Interest groups across the spectrum have readied war rooms for the biggest confirmation fight since 1991’s Senate donnybrook over Supreme Court nominee Thomas, who was accused of sexual harassment by Anita Hill.

Advocates on the right and the left have pledged to raise $50 million or more for a Supreme Court fight, and are promising match each other dollar for dollar.

The conservative Progress for America alone has pledged to raise at least $18 million to support a Bush choice, and its president, Brian McCabe, said Tuesday night that, “John Roberts deserves genuine consideration, not instant attacks.”

David Leitch, a former White House deputy counsel who worked with Roberts at Justice and Hogan & Hartson, said that, “far from being an ideologue, John Roberts is precisely the kind of quality person and lawyer Americans should expect to be on our highest court.”

Liberal group have questioned Roberts’ Justice Department record over briefs he helped write urging prayers at public school graduation and limiting doctor’s speech in telling patients that abortion is a legal option.

Abortion-rights activists also complain about a brief Roberts helped write that said the Supreme Court’s “conclusion in Roe that there is a fundamental right to an abortion . . . finds no support in the text, structure or history of the Constitution,” the brief said.

NARAL Pro-Choice America president Nancy Keenan immediately called Bush’s choice of Roberts “unsuitable.”

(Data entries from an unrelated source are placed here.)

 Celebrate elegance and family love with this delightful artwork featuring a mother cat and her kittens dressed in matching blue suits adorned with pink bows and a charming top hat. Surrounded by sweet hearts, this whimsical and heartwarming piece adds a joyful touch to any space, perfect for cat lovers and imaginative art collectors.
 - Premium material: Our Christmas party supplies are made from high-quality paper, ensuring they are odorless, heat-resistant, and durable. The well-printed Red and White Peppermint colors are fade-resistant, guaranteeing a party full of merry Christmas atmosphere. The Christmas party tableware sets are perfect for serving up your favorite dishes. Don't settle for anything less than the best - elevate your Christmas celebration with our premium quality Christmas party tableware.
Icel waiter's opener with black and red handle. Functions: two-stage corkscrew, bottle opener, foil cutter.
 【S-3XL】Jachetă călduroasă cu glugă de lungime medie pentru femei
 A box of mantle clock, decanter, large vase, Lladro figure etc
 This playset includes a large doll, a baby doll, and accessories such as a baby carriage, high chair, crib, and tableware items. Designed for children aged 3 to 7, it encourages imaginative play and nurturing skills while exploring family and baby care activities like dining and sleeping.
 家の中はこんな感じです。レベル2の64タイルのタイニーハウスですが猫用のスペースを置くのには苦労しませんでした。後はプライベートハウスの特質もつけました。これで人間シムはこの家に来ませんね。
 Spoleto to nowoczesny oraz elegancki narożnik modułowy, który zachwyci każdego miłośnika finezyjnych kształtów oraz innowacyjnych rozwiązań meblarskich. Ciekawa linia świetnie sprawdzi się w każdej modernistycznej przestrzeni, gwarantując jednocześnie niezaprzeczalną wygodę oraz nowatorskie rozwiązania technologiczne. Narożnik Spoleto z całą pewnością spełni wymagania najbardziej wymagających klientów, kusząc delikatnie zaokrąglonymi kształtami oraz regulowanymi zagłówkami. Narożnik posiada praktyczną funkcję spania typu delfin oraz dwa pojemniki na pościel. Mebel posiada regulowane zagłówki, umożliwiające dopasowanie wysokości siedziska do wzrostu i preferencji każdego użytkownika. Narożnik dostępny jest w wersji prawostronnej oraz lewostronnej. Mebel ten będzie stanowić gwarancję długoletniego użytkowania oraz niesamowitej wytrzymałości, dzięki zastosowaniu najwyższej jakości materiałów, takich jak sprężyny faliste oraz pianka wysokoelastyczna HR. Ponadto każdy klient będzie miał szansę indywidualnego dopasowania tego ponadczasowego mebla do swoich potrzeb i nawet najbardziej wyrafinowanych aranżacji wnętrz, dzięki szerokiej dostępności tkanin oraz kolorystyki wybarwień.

Wade Henderson heads the umbrella Leadership Conference for Civil Rights Under Law that led the successful fight against Reagan Supreme Court nominee Robert Bork in 1987 in an all-out campaign conservatives long to avenge.

Henderson issued a statement Tuesday asking if Roberts is “a hard-nosed extremist with a soft conservative facade. In short, the President may have nominated a stealth candidate _ a Justice Scalia or Thomas in O’Connor’s robes.”

In conservative circles, the cry has been: “No More Souters,” after the first President Bush’s 1990 choice of Souter for the Supreme Court. Souter was an appellate court short-timer whose less than conservative leanings flew under the legal radar screen, and his Supreme Court performance in the 15 years since has led conservatives to question whether longtime Bush aide Gonzales, with his legal murky record, was Spanish for “Souter.”

But unlike Souter, those who know Roberts well vouch for his conservative credentials, leadership qualities, intelligence and people skills that could well continue the Rehnquist court’s rightward course.

Another potential plus is that Roberts lacks a paper trail of controversial court opinions and law review articles _ two qualities that could ease Senate confirmation.

But his short tenure on the court has seen him side with the current Bush administration in last week’s decision upholding the military tribunals it set up to try terrorism suspects for war crimes. That ruling that also held that the Geneva Convention on prisoners of war gives detainees no right to enforce that treaty’s provisions in court.

In other cases, Roberts also voted to bar U.S. prisoners of war in the Persian Gulf War from suing the new U.S.-backed Iraqi government for damages suffered under Saddam Hussein’s government and to keep secret the records of Vice President Dick Cheney’s energy task force, a position the Supreme Court subsequently upheld.

Roberts also wrote the unanimous appeals court decision rejecting Fourth Amendment unlawful seizure and Equal Protection challenges to the arrest and detention of a 12-year old girl for eating french fries on Washington’s Metro subway. The case received media attention because of its extreme facts, but as Roberts noted in the first line of his opinion, “No one is very happy about the events that led to this litigation.”

Roberts is hardly a predictable conservative, however: He sided with a Metro employee with bipolar disorder who claimed the transit agency violated the federal Americans with Disabilities Act and sided with a criminal defendant’s challenge to his sentence on fraud charges.

Scripps Howard reporter Bill Straub contributed to this report.